- Born: John David Brillhart November 13, 1930 Berkeley, California
- Died: May 21, 2022 (aged 91)
- Education: University of California
- Known for: Continued fraction factorization
- Scientific career
- Fields: Mathematics
- Workplaces: University of Arizona
- Doctoral advisor: D. H. Lehmer

= John Brillhart =

American mathematician (1930–2022)

John David Brillhart (November 13, 1930 – May 21, 2022) was a mathematician who worked in number theory at the University of Arizona.

==Early life and education==
Brillhart was born on November 13, 1930, in Berkeley, California.

He studied at the University of California, Berkeley, where he received his A.B. in 1953, his M.A. in 1966, and his Ph.D. in 1967. His doctoral thesis in mathematics was supervised by D. H. Lehmer, with assistance from Leonard Carlitz.

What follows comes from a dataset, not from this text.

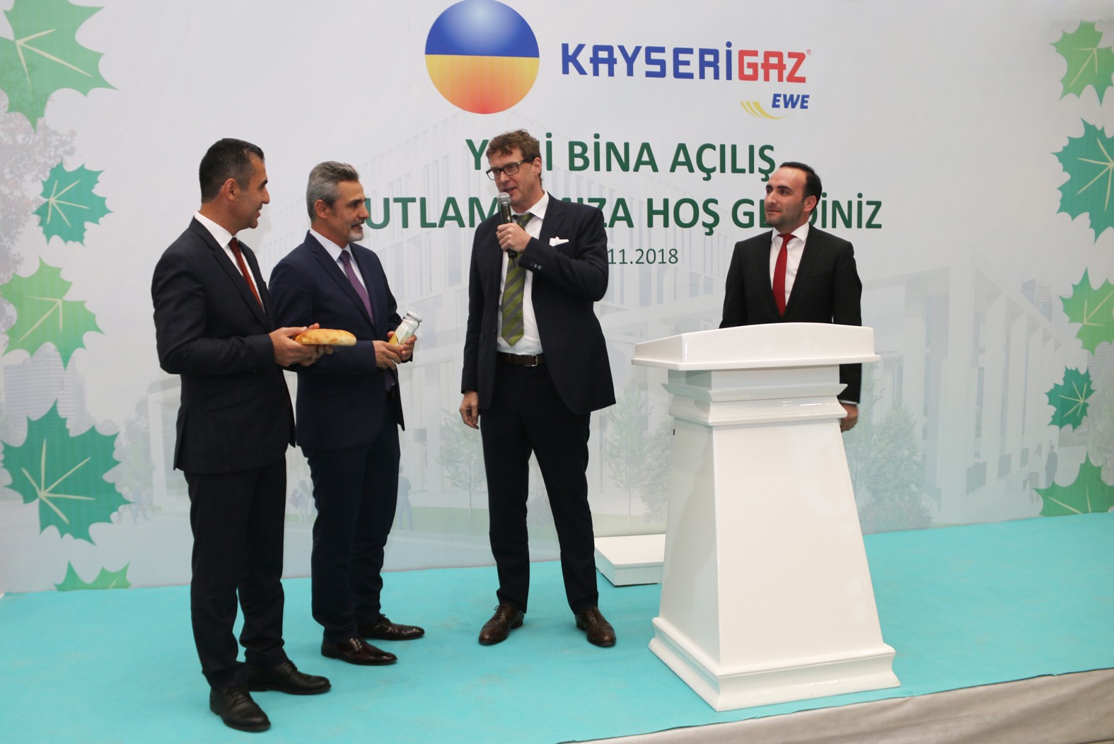 EWE Turkey Holding CEO’su Frank Quante konuşmasında “Alman geleneğinde yeni bir eve giderken tuz ve ekmek götürürüz Kayserigaz’ın yeni hizmet binası bereketli olsun” diyerek getirdiği ekmek ve tuzu Kayserigaz Genel Müdürü Adem Dincay ve Enervis Genel Müdürü Osman Kipoğlu’na hediye etti.
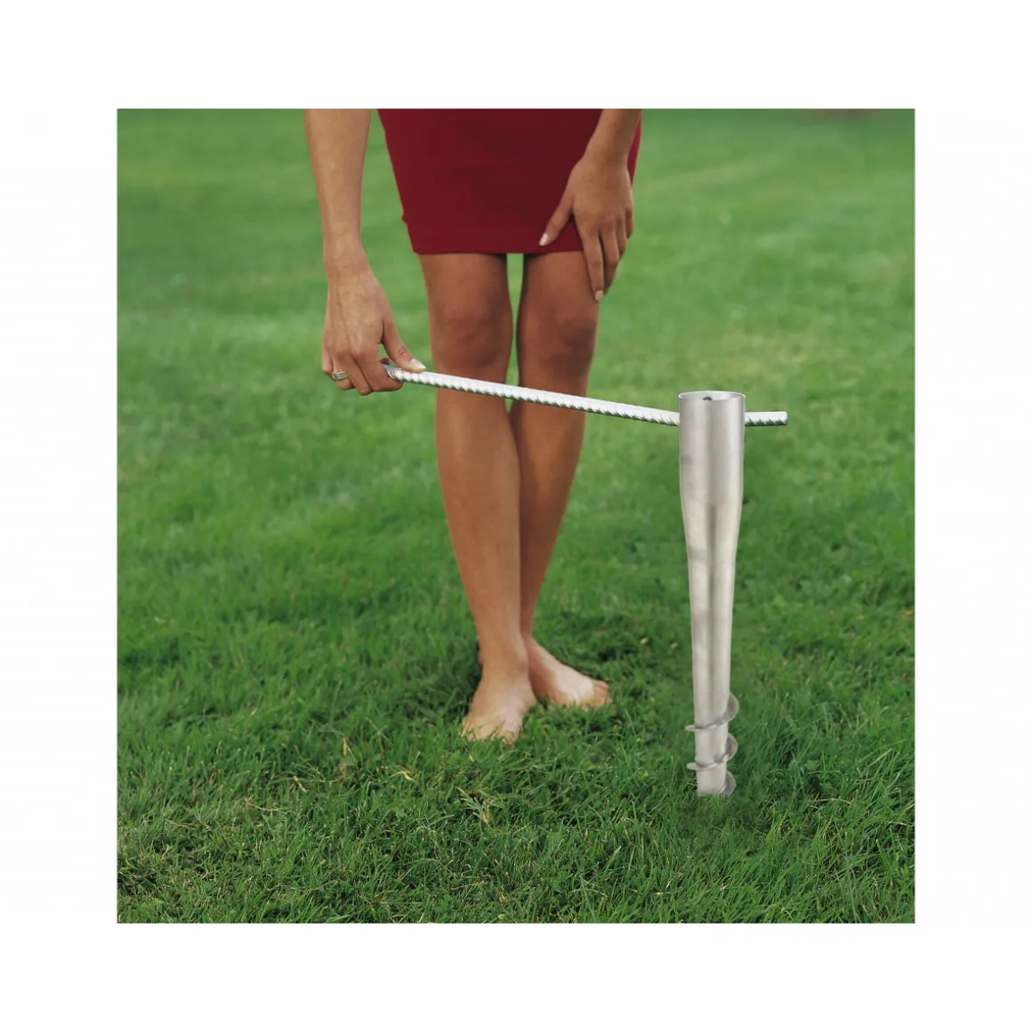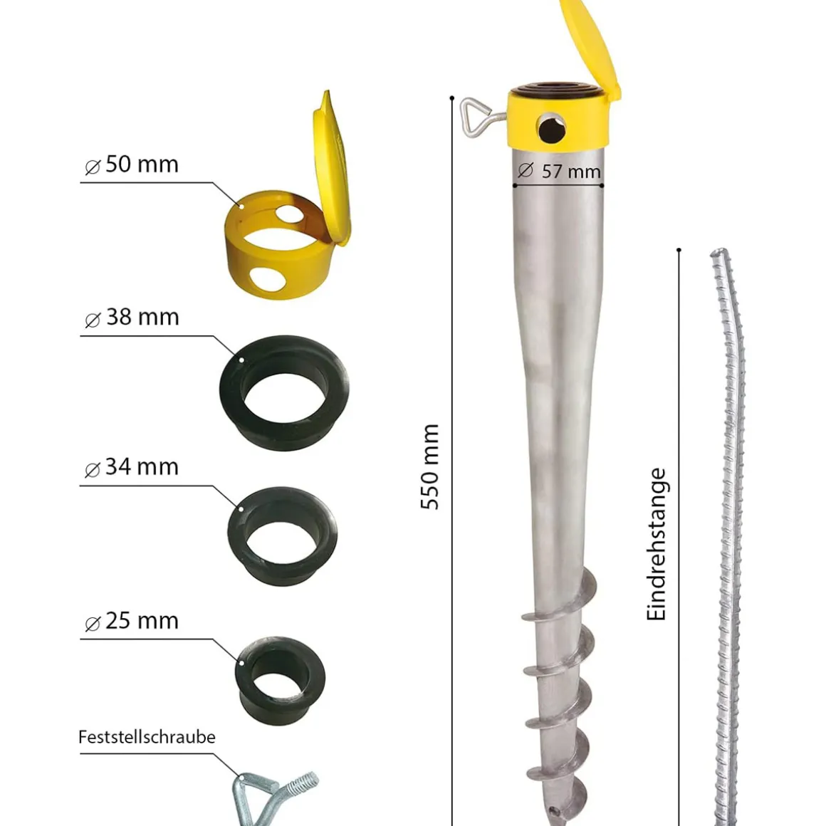 - Lieferumfang: Bodendübel inklusive Eindrehstange, Reduzierhülsen (50 mm, 38 mm, 34 mm und 25 mm)

Before becoming a mathematician, he served in the United States Army.

==Career==
Brillhart joined the faculty at the University of Arizona in 1967 and retired in 2001. He advised two Ph.D. students.

==Research==
Brillart worked in integer factorization. His joint work with Michael A. Morrison in 1975 describes how to implement the continued fraction factorization method originally developed by Lehmer and Ralph Ernest Powers in 1931. One consequence was the first factorization of the Fermat number $F^7 = 2^{2^7}+1$. Their ideas were influential in the development of the quadratic sieve by Carl Pomerance.

Brillhart was a member of the Cunningham Project, which factors Mersenne, Fermat, and related numbers. He was also a founding member and financial contributor to the Number Theory Foundation started by John L. Selfridge.